[GIVEN RECORDS — start]

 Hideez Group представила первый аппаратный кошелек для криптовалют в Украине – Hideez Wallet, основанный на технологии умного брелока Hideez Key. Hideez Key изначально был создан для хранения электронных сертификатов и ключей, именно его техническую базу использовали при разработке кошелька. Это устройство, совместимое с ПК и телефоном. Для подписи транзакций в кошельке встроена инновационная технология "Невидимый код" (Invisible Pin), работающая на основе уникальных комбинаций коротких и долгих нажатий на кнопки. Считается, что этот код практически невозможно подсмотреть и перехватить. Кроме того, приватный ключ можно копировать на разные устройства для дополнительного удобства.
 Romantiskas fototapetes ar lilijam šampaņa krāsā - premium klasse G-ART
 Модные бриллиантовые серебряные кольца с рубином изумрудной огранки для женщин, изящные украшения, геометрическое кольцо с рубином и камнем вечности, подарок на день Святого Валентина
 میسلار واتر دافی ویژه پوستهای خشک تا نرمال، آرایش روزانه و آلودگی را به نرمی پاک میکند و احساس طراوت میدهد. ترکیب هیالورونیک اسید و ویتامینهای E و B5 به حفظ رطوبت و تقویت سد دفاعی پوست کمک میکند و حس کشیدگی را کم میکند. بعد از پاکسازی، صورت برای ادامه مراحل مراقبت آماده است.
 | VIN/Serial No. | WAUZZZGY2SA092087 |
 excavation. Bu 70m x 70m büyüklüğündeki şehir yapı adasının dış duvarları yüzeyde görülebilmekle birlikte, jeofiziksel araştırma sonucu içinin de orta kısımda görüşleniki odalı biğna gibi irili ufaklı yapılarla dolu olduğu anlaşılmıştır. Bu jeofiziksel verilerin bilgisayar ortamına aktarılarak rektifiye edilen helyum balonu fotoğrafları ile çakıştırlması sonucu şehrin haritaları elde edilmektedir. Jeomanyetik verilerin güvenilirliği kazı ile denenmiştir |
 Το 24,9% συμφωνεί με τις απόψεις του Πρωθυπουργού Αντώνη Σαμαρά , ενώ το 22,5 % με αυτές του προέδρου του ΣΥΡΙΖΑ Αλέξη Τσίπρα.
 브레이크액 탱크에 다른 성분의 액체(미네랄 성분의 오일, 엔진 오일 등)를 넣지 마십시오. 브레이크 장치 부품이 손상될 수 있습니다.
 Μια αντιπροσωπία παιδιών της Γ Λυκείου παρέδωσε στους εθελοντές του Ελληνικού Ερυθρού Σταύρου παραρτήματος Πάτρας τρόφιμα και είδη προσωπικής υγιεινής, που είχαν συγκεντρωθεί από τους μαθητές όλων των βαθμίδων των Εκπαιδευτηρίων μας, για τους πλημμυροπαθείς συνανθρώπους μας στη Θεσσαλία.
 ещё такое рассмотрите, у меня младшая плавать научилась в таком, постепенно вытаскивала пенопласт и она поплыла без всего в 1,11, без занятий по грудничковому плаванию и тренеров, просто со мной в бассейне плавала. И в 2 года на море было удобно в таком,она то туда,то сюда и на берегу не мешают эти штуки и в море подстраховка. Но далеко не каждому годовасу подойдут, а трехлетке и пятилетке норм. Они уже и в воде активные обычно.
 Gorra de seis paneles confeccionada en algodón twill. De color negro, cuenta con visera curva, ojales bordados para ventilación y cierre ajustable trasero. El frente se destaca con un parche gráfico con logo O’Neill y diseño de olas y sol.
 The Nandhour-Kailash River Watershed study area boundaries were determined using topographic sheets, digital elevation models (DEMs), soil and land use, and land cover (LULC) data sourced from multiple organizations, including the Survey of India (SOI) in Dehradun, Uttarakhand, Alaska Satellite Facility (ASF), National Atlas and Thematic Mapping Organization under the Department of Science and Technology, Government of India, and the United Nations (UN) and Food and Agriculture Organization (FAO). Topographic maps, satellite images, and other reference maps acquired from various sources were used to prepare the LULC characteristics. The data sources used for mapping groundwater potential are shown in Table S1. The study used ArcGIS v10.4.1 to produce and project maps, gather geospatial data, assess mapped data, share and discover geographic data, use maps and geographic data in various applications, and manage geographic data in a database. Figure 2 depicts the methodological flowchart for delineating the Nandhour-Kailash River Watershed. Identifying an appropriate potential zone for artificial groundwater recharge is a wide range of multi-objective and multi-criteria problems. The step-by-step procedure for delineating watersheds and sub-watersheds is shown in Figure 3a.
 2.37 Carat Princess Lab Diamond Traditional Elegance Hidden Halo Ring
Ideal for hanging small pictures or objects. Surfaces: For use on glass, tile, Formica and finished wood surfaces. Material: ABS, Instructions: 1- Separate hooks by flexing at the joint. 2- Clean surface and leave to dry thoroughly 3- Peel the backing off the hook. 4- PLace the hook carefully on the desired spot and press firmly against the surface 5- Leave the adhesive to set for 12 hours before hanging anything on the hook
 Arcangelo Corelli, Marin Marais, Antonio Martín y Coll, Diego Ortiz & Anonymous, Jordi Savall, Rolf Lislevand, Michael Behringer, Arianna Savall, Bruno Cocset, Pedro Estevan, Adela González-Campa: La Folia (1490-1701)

[GIVEN RECORDS — finish]

> **TASK ITEM**: Reproduce the listing above exactly, but only from its first line through the line holding "Romantiskas fototapetes ar"; both of those lines are included.

> **YOUR RESPONSE**:
 Hideez Group представила первый аппаратный кошелек для криптовалют в Украине – Hideez Wallet, основанный на технологии умного брелока Hideez Key. Hideez Key изначально был создан для хранения электронных сертификатов и ключей, именно его техническую базу использовали при разработке кошелька. Это устройство, совместимое с ПК и телефоном. Для подписи транзакций в кошельке встроена инновационная технология "Невидимый код" (Invisible Pin), работающая на основе уникальных комбинаций коротких и долгих нажатий на кнопки. Считается, что этот код практически невозможно подсмотреть и перехватить. Кроме того, приватный ключ можно копировать на разные устройства для дополнительного удобства.
 Romantiskas fototapetes ar lilijam šampaņa krāsā - premium klasse G-ART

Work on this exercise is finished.